The threading model and state machine make it difficult to know where it's safe to spawn and join threads. You can do it in a number of places but you also have to be careful about lifetimes of those threads, most plugins do it as early as possible and then shut them down as late as possible.
The host also has to do a lot of the stuff on background threads and usually has its own thread pool. CLAP introduced an extension to hook into the host's thread pool so plugins don't have to spawn threads and no longer have to really care about the lifetime. VST3 is copying that feature.
When you see annotations on methods in these APIs about "main" vs "any" thread and "active" etc they're notes to developers on where it is safe to call the methods and any synchronization required (on both sides of the API).
If it sounds complicated that's because it is, but most of this is accidental complexity created by VST3.
Concretely, it made distributing OSS VST plugins a pain. Especially for Linux which generally will want to build their packages.
Steinberg is only going to benefit from this, I think.
That was with VST2, which is/was a proprietory format. VST3 has been dual licensed as GPLv3 + commercial for a long time now.
The real value IMHO of github is the issue tracker and the visual diff/display of PR changes.
As a composer and arranger working with different studios, I need multiple DAWs installed for compatibility. Every time I open my DAW or Gig Performer after a few days, it rescans all plugins. With around 800 installed, that happens across AU, VST, and VST3.
I hope Apple and Avid are holding meetings after this decision to help simplify the life of library/plugin makers. As an example AAX requires a complete mess to compile and test their plugins, and several AU plugins are just wrappers aroud VST that add another layer.
I really hope the next five years bring real standardization and smoother workflows.
I have always felt the industry of digital audio processing and software to be overcommercialized and ripe for something akin to blender to change the game.

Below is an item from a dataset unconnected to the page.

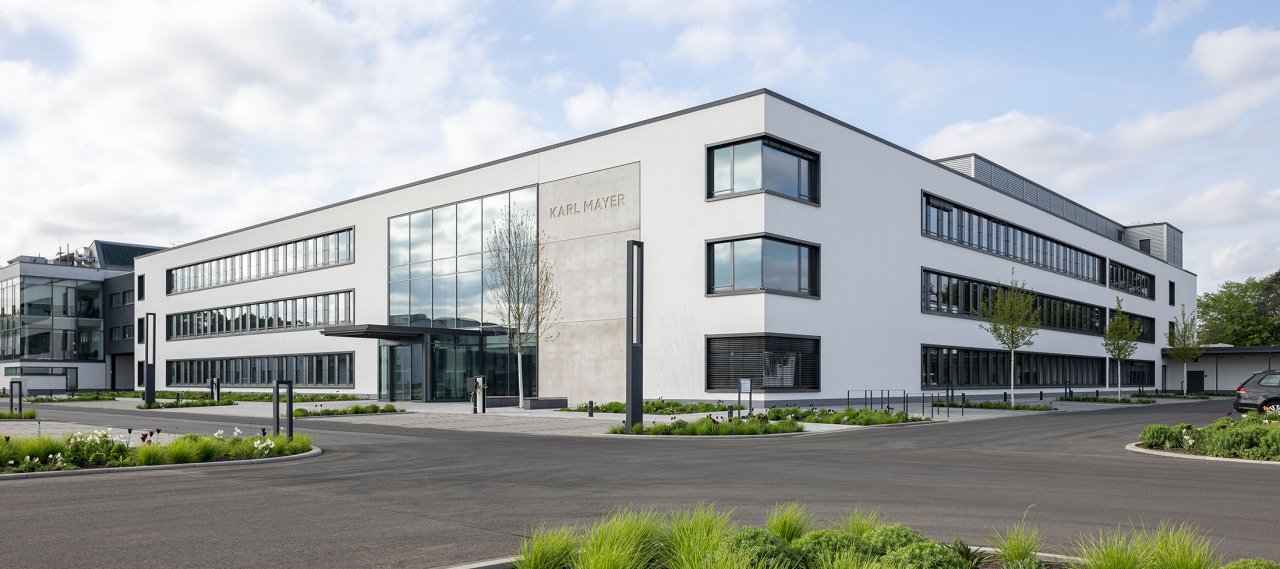 The textile machine factory KARL MAYER STOLL has had an office and administration building with a canteen built on its factory premises in Obertshausen, Germany. In addition to office space, the facility was equipped with a showroom for the family and company history and areas for workshops and company presentations.
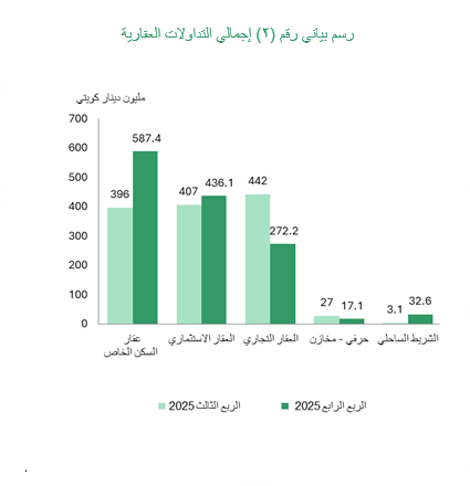 ارتفعت التداولات العقارية على فئة السكن الخاص إلى 587.4 مليون دينار في الربع الرابع 2025 بنسبة استثنائية قدرها 48.3% عن قيمتها في الربع الثالث 2025، وبنسبة 28.9% على أساس سنوي.

Audio programming is still low level and difficult, but I'm looking forward towards vibe coding some experiments with this.

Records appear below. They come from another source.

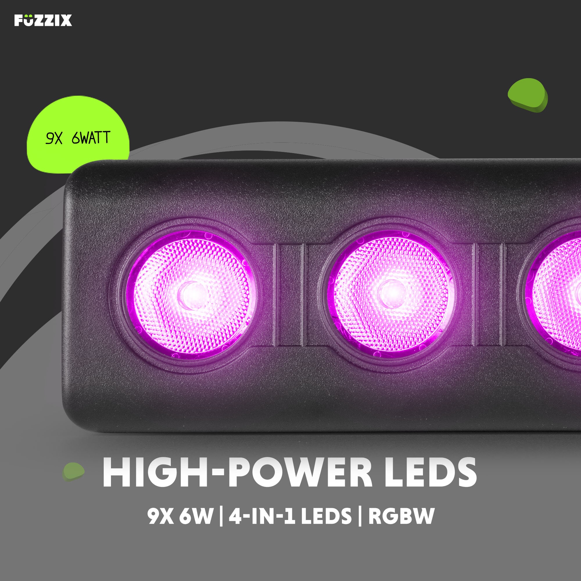 • Kraftfull RGBW-färgblandning med 9st 6W LEDs för intensiv ljusstyrka
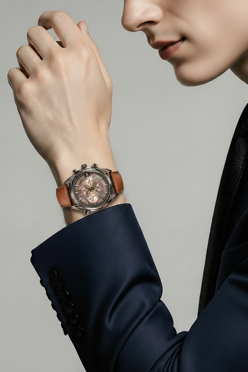 NERO nuk ndjek trendet – i krijon ato. Kjo orë stylish për meshkuj kombinon mekanizëm kualitativ me materiale të qëndrueshme dhe luksoze, duke sjellë elegancë dhe funksionalitet në çdo detaj.
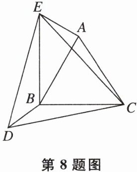 8. 如图,已知$\triangle ABC和\triangle CDE$都是等边三角形,若$\angle AEB= 70^\circ$,则$\angle EBD$的度数是( )
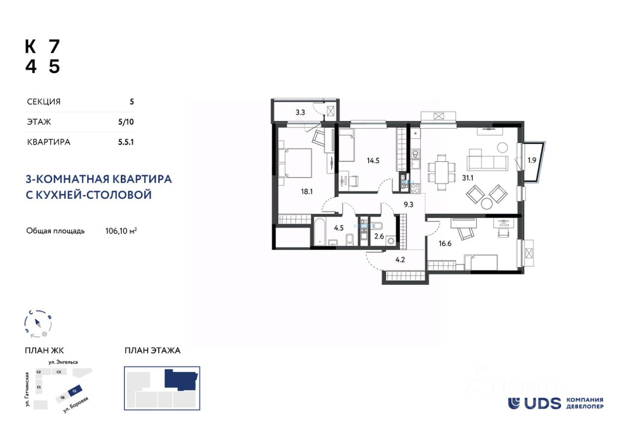3 спальни, просторная гостиная и личное пространство в Квартале 745 идеальный выбор для семьи с двумя детьми.
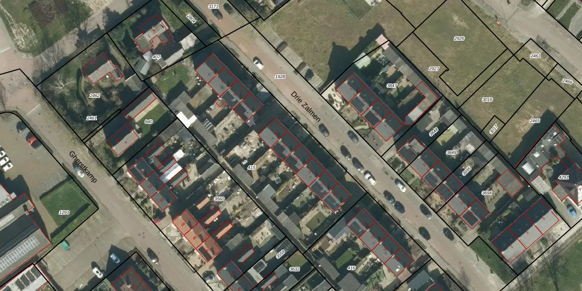 Het perceel waarop Drie Zalmen 12 staat heeft een oppervlakte van 2280 m². Dit is een zeer groot perceel. De perceeloppervlakte wordt geregistreerd door het Kadaster. Gedetailleerde informatie over de maten van dit perceel kunt u vinden in het rapport Kadastrale kaart met maatvoering van Drie Zalmen 12.
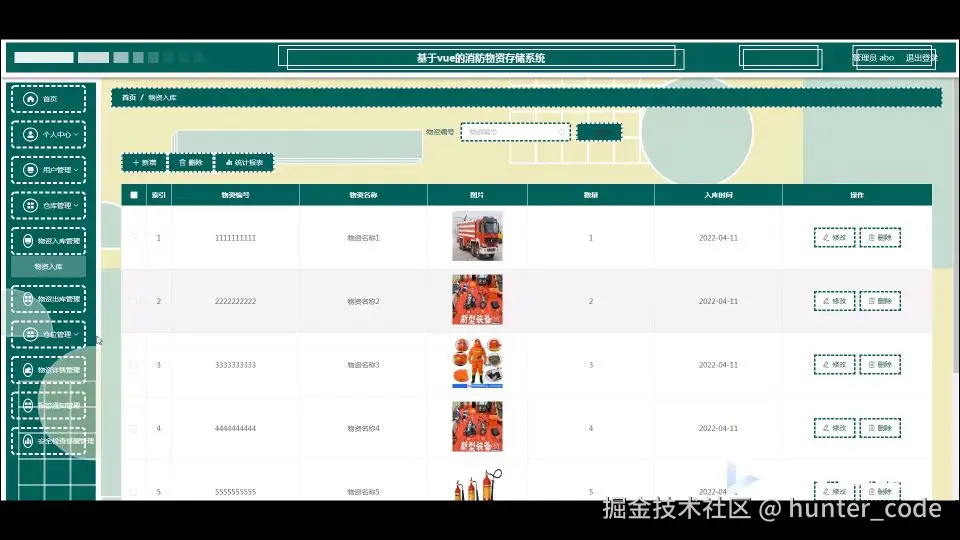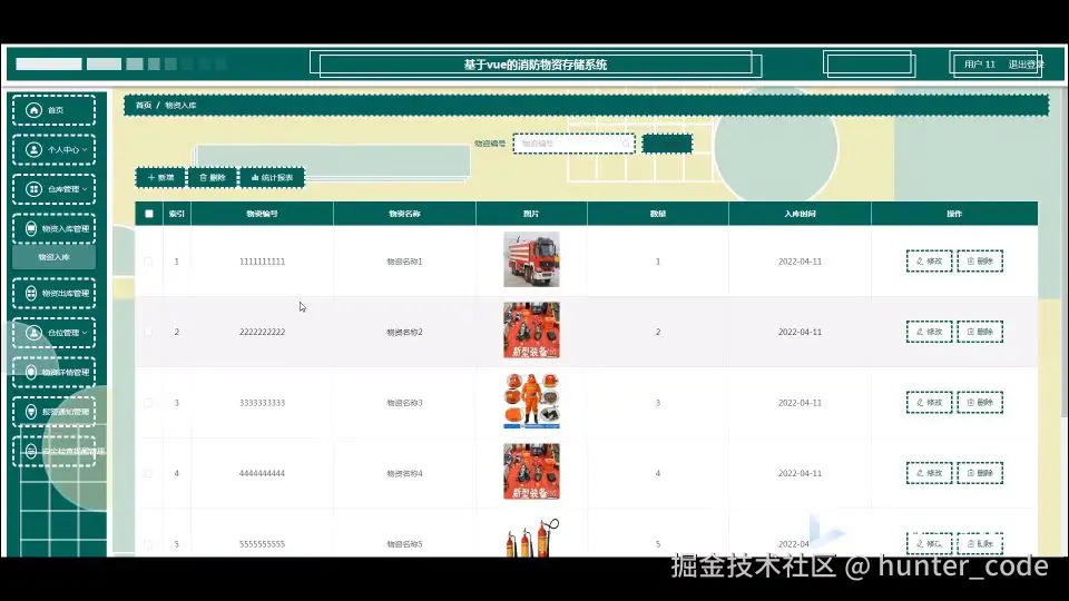 物资入库管理,在物资入库管理页面可以对索引,物资编号,物资名称,图片,数量,入库时间等内容进行修改和删除操作,如图5-12所示。
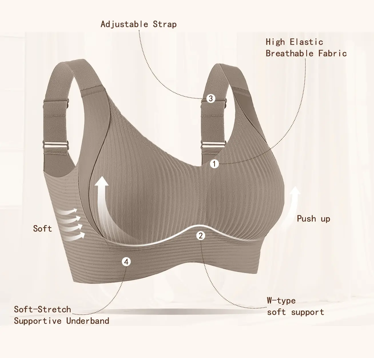 5. FZ 2/4PCS EssElegance Women's Solid Wireless Bra, Comfortable Breathable Push Up Bra, Softness Lightweight Lingerie for All Seasons SpringStatements

I like to work privately on my open source projects, and then push it to a public repo after deleting my git history ( for the public repo anyway).

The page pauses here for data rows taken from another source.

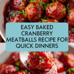 Quick Cranberry Meatballs feature tender pork meatballs baked to perfection and coated in a tangy-sweet cranberry sauce. This easy-to-make appetizer or main dish combines savory flavors with festive cranberry sauce, ideal for gatherings or weeknight dinners.
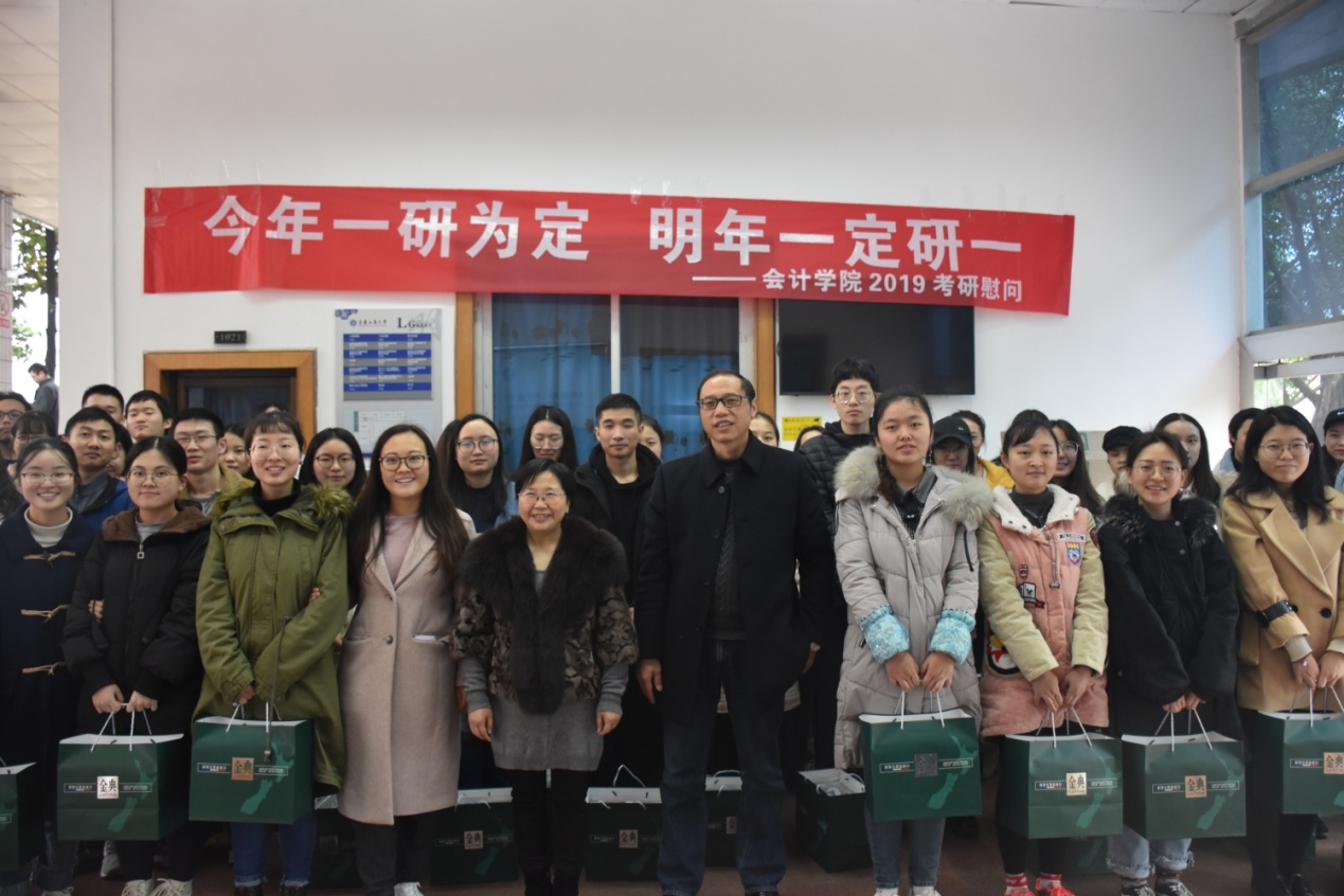 12月16日上午,bb贝博艾弗森官方网站在明德楼开展“今年一研为定 明年一定研一”慰问考研员工活动。学院分党委书记罗惠玉、副经理黄辉、学工办主任彭文涛及毕业班全体辅导员参加了本次考研员工的慰问。
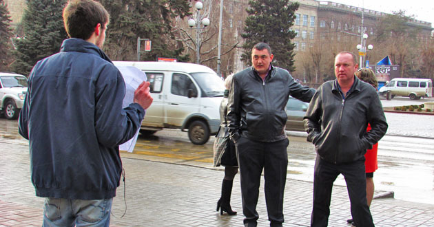Одиночный пикет против войны на Украине провел Юрий Троценко. Волгоград, 7 марта 2015 г. Фоторепортаж корреспондента «Кавказского узла» Вячеслава Ященко
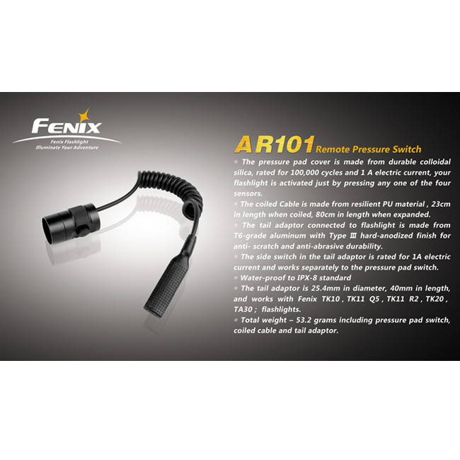 Модель выносной кнопки Fenix AR101 состоит из корпуса, витого шнура и контактной площадки. Ее корпус с резьбой накручивается вместо обычной крышки фонаря, на которой располагается стандартная кнопка его включения. А соединенная с ним контактная площадка закрепляется в любом удобном для пользователя месте ствола оружия. Витой шнур может растягиваться в пределах от 23 до 80 см, что позволяет свободно выбирать месторасположение контактной площадки для различных видов гладкоствольного и нарезного оружия. Эта площадка и является кнопкой включения фонаря. Внутри нее находится четыре контактных точки. Кнопка сработает, если будет задействована хотя бы одна из них, что обеспечивает высокую управляемость фонарем при помощи данного аксессуара.
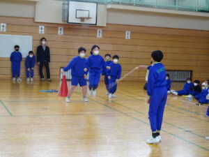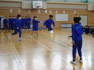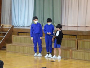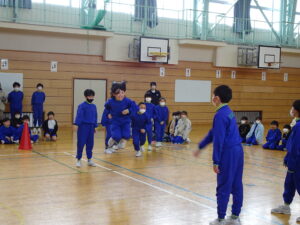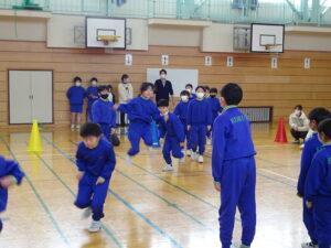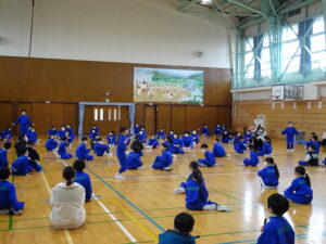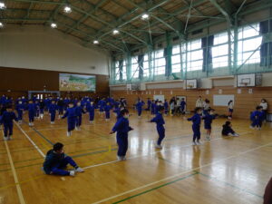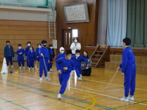 2月25日(水)、なわとび集会を行いました。冬の間の体力向上のために、練習に取り組んできました。学年ごとに八の字とびをしました。どの学年も全員でとぶことができました。次に、前とびの連続とびに取り組みました。全員が一斉にとびはじめて、どれだけ長くとべるか挑戦しました。最後までとんだ人は、かなり長い時間とんでいました。準備や進行を行った体育委員会の皆さん、ありがとうございました。
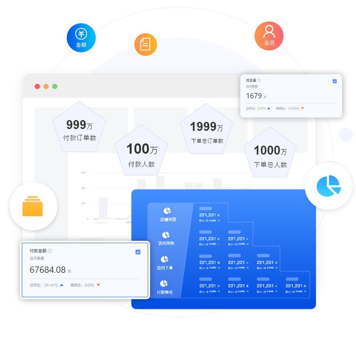 會(huì)員數(shù)據(jù)從累計(jì)粉絲、成交客戶(hù)數(shù)、粉絲活躍度、領(lǐng)券會(huì)員等深度洞察會(huì)員消費(fèi)

I wonder if that will change as well..
At the same time Steinberg also open sourced their ASIO audio hardware interface standard but under GPL3. GPL2 here would have made more sense to me to align with the Linux kernel GPL2 only licensing. So why GPL3? Other commenters here have mentioned OBS, and OBS is "GPLv2 or later" so sure that works for them. Not being GPL 2 and missing on the Linux kernel just surprises me.
I have been using the nice cwASIO (https://github.com/s13n/cwASIO) re-implementation of the ASIO SDK, it's MIT licensed. https://github.com/s13n/cwASIO. It's nice there just to see something more up to date than the ancient ASIO SDK documentation. I would love to see the Steinberg ASIO SDK updated and improved, if you are listening Steinberg folks: nobody cares about the history of ASIO on Macs or Silicon Graphics Workstations, just dive in and get deep into the weeds of ASIO on Windows, and include lots more sample code, especially covering the ASIO device enumeration mess on Windows.
Also the license change could be caused by competition from CLAP which is very openly licensed.